▶ [REQUIRED WORK]: From the line containing "Percentage difference between SplitTT" down to the line containing "soil substrate preparation", copy out the entries below exactly, both lines included, and nothing else; pictures do not belong in the copy.

▶ [MATERIAL PROVIDED]:
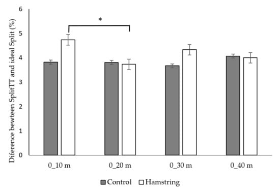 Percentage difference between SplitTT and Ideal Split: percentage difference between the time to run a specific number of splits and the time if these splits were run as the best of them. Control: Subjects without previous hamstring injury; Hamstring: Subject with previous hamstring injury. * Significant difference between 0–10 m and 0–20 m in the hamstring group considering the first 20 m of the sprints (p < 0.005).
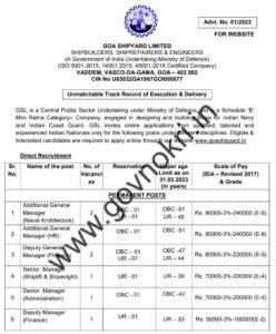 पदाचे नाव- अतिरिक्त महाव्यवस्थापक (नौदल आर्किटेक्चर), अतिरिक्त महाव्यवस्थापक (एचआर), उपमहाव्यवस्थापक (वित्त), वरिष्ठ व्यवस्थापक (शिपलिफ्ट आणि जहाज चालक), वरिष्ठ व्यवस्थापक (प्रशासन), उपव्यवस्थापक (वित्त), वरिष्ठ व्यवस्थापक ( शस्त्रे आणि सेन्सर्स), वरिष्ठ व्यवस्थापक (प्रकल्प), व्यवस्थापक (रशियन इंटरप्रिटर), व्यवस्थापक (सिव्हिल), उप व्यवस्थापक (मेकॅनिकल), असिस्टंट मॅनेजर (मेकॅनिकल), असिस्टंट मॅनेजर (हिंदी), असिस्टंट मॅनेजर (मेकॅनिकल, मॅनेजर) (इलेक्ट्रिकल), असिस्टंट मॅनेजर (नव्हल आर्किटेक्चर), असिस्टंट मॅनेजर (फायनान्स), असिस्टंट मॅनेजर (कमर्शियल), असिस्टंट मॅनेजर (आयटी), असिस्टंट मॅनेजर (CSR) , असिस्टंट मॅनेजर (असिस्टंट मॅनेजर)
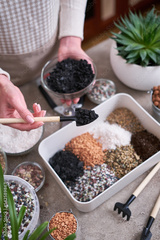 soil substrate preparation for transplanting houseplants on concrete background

--

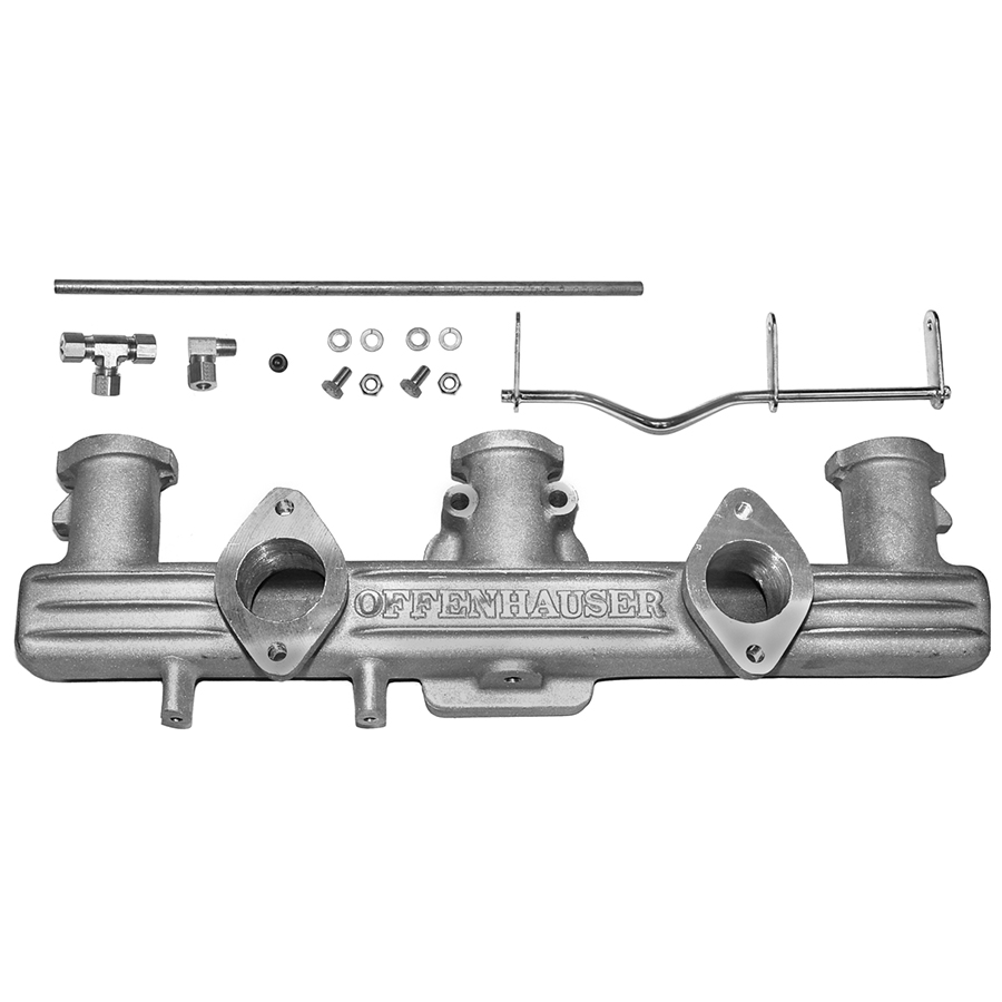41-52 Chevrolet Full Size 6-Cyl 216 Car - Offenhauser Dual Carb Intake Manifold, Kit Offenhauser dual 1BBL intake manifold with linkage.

▶ [ANSWER TO THE PROBLEM]:
 Percentage difference between SplitTT and Ideal Split: percentage difference between the time to run a specific number of splits and the time if these splits were run as the best of them. Control: Subjects without previous hamstring injury; Hamstring: Subject with previous hamstring injury. * Significant difference between 0–10 m and 0–20 m in the hamstring group considering the first 20 m of the sprints (p < 0.005).
 पदाचे नाव- अतिरिक्त महाव्यवस्थापक (नौदल आर्किटेक्चर), अतिरिक्त महाव्यवस्थापक (एचआर), उपमहाव्यवस्थापक (वित्त), वरिष्ठ व्यवस्थापक (शिपलिफ्ट आणि जहाज चालक), वरिष्ठ व्यवस्थापक (प्रशासन), उपव्यवस्थापक (वित्त), वरिष्ठ व्यवस्थापक ( शस्त्रे आणि सेन्सर्स), वरिष्ठ व्यवस्थापक (प्रकल्प), व्यवस्थापक (रशियन इंटरप्रिटर), व्यवस्थापक (सिव्हिल), उप व्यवस्थापक (मेकॅनिकल), असिस्टंट मॅनेजर (मेकॅनिकल), असिस्टंट मॅनेजर (हिंदी), असिस्टंट मॅनेजर (मेकॅनिकल, मॅनेजर) (इलेक्ट्रिकल), असिस्टंट मॅनेजर (नव्हल आर्किटेक्चर), असिस्टंट मॅनेजर (फायनान्स), असिस्टंट मॅनेजर (कमर्शियल), असिस्टंट मॅनेजर (आयटी), असिस्टंट मॅनेजर (CSR) , असिस्टंट मॅनेजर (असिस्टंट मॅनेजर)
 soil substrate preparation for transplanting houseplants on concrete background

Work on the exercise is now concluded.